Вопреки такому смелому заявлению можно сказать, что даже самая счастливая импровизация не создаёт произведений, в которых в первый момент или позднее не обнаруживались бы какие-нибудь недостатки. Какой бы безошибочной ни выглядела первая обработка, как бы ни был уверен поэт в совершенстве целого и частей, как бы ни мал был повод к недовольству отдельным словом или отдельными чертами, в конце концов строгие к себе художники рано или поздно обнаружат места, нуждающиеся в новой редакции.
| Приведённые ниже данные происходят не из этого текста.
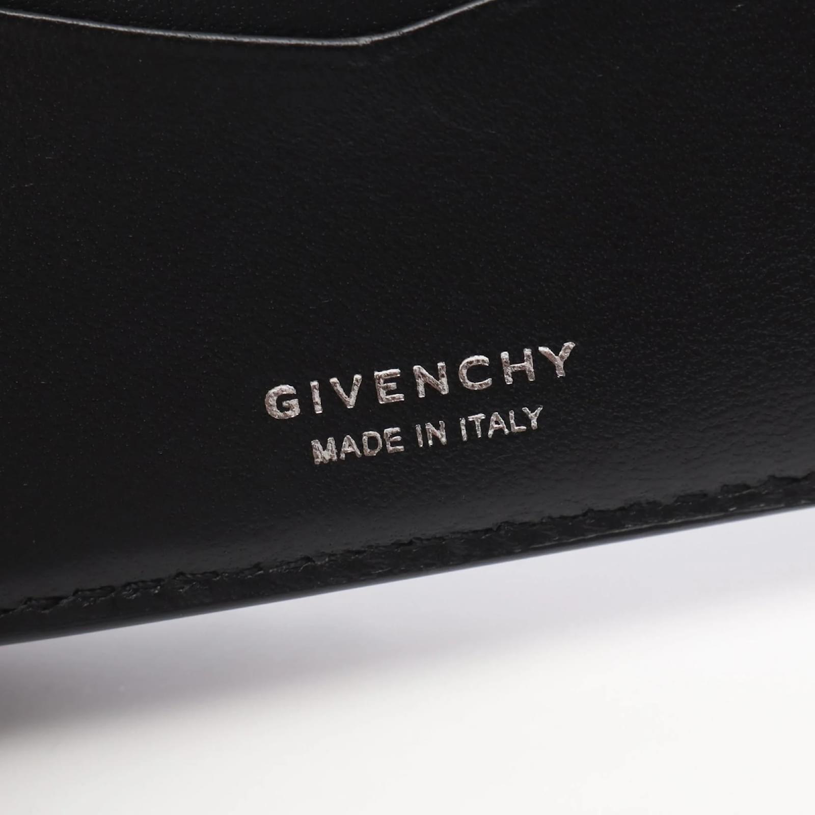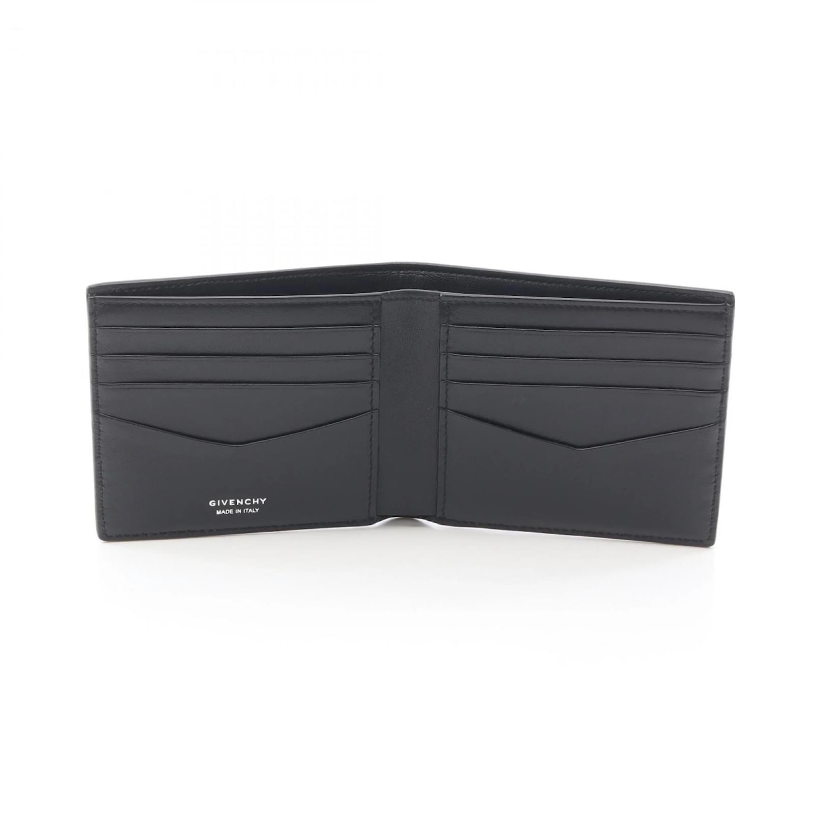 The Givenchy 4G Bi-fold Wallet is crafted from black leather, offering a sleek and sophisticated design suitable for everyday use. Measuring 9.5cm x 11cm x 1cm, this wallet is compact yet functional. It is categorized as used but remains in very good condition, with only slight traces of use, including minor scratches and dirt. The wallet does not come with any additional accessories. For a detailed view of its condition, potential buyers are encouraged to refer to the provided images.
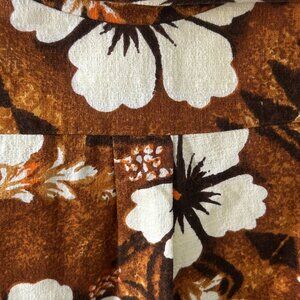 Vintage brown floral barkcloth sleeveless ruffle trim top
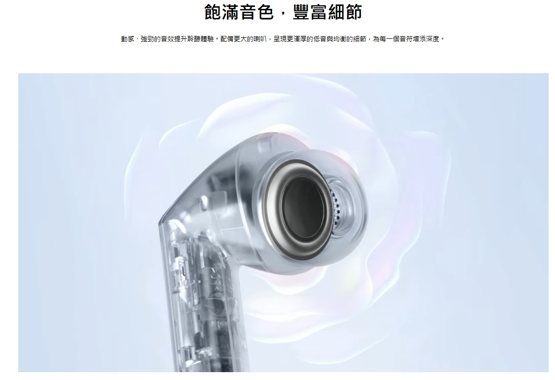 亮面金屬質感的外觀,看起來相當有科技味,目前提供「銀河灰」與「雲朵白」兩種顏色,視覺上比較高調、時尚;配戴方式為半入耳式,不需要深入耳道,對於不喜歡入耳式壓迫感的人來說更友善。

Обычно необходимость в изменении наступает после того, как проходит первое увлечение и когда критику можно осуществлять более свободно. Охваченный продуктивным настроением, поэт вопреки своей доброй воле не в состоянии смотреть на своё произведение с такой объективностью, с такой беспристрастностью, которые легко приходят позднее, когда все уже улеглось в душе. И, осознав свои слабости, обнаружив погрешности или несовершенства, он считает своим долгом устранить их в новых изданиях. Внимательная работа над готовыми вещами нисколько не компрометирует гения, и было бы ошибочно считать идеалом писателя, которому нечего добавлять или изменять в однажды сочиненном. Если Байрон сам походит на тигра, желающего одним броском поймать свою жертву, и пишет только задуманное одним махом [1254], то есть не менее талантливые писатели, работающие медленно, методично и с трудом, преисполненные сильным желанием не допускать чего-либо недостойного их имени.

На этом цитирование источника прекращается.